Le premier ministre, Yukio Hatoyama, qui a qualifié de « regrettable » la première exécution et a déclaré : « Chaque pays a son propre système judiciaire et je m'abstiendrai de tout commentaire qui pourrait apparaître comme une ingérence dans les affaires internes d'un autre Etat. » La ministre de la justice, Keiko Chiba, a estimé que ces sentences étaient « sévères », et elle a exprimé la crainte que ces exécutions n'entraînent une dégradation des relations sino-japonaises.
Deux objectifs peuvent expliquer la « réserve » de Tokyo : ne pas attiser le débat sur la peine de mort dans l'Archipel et ne pas froisser le voisin chinois. Le Japon est, avec les Etats-Unis, l'un des derniers pays développés à pratiquer la peine de mort, généralement pour des homicides. En dépit des efforts du mouvement abolitionniste, les sondages indiquent que la majorité de l'opinion reste favorable à son application. Opposée à la peine capitale, la ministre n'a signé aucun ordre d'exécution depuis qu'elle détient ce portefeuille.
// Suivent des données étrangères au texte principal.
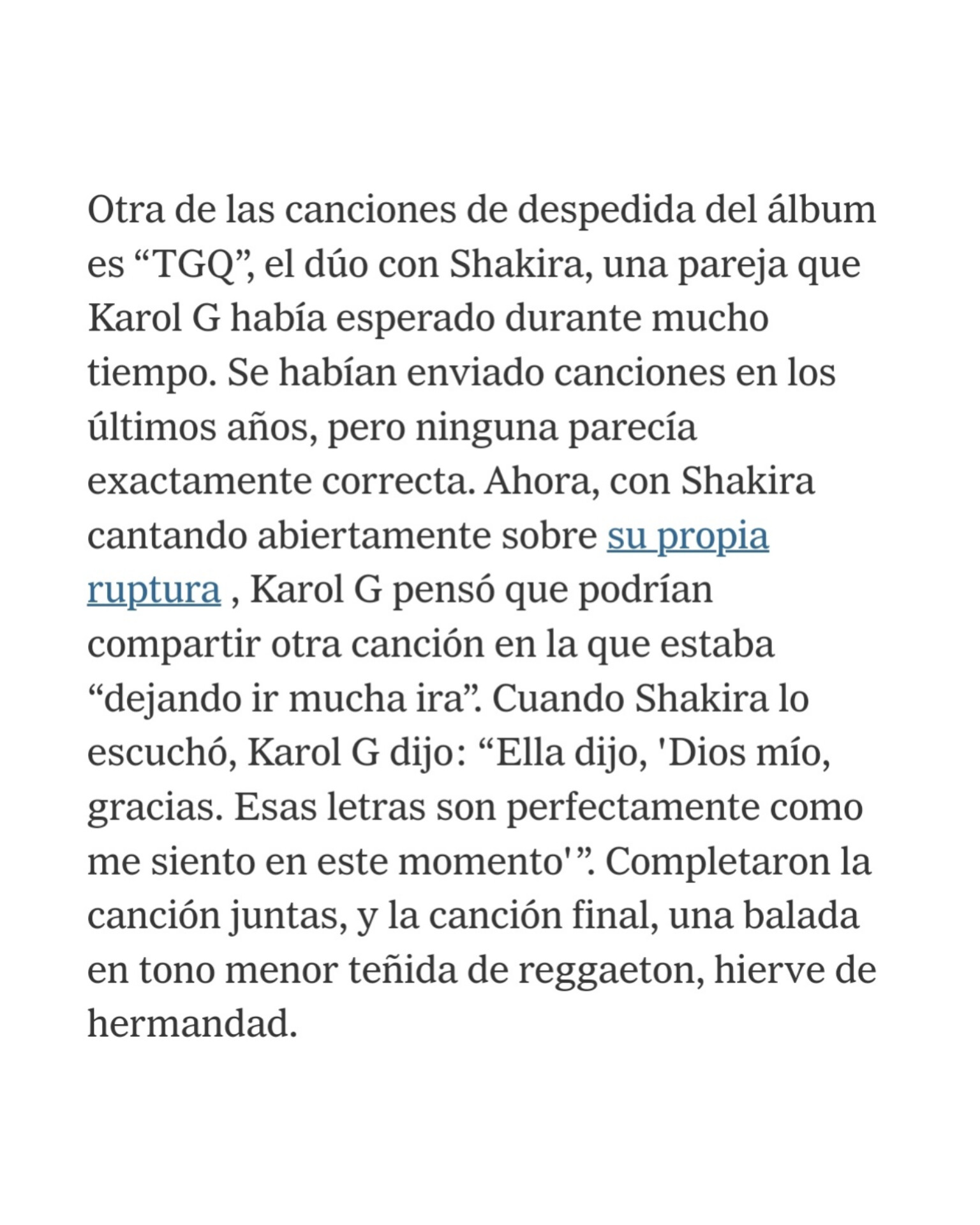 Pues según lo manifestado por Karol, aprovechó la oportunidad por la que estaba pasando Shakira (artísticamente) donde decidió también, sacar provecho de su despecho y le ofreció una letra luego de su éxito con Bizzarap, teniendo como un resultado una canción donde ambas “están dejando ir mucha ira”

La seconde préoccupation - ne pas provoquer le courroux chinois - semble avoir été déterminante dans la modération de la réaction officielle japonaise. Tokyo a voulu éviter les accusations d'ingérence lancées par Pékin à l'encontre du Royaume-Uni après l'exécution, en décembre 2009, d'un ressortissant britannique accusé de trafic de drogue, mais qui, selon son avocat, présentait des déficiences mentales.
Même Mme Mizuho Fukushima, présidente du Parti social démocrate et militante abolitionniste active, s'est abstenue de critiquer la Chine, et a exprimé simplement son « profond regret ». La presse japonaise en général commente moins les exécutions elles-mêmes qu'elle ne traite de l'extension du trafic de drogue en Chine.
Tokyo, qui souhaite une bonne entente avec la Chine, veut éviter qu'une nouvelle pomme de discorde ne perturbe l'active politique de rapprochement menée par le gouvernement Hatoyama depuis son arrivée au pouvoir en septembre 2009.
Les droits de l'homme n'ont jamais été la priorité de la diplomatie japonaise. Démocratie et défenseur des libertés, le Japon est mesuré dans ses condamnations de violation des droits, notamment en Asie : son passé expansionniste ne le place guère en position de donner des leçons. Il est particulièrement réservé en ce qui concerne la Chine.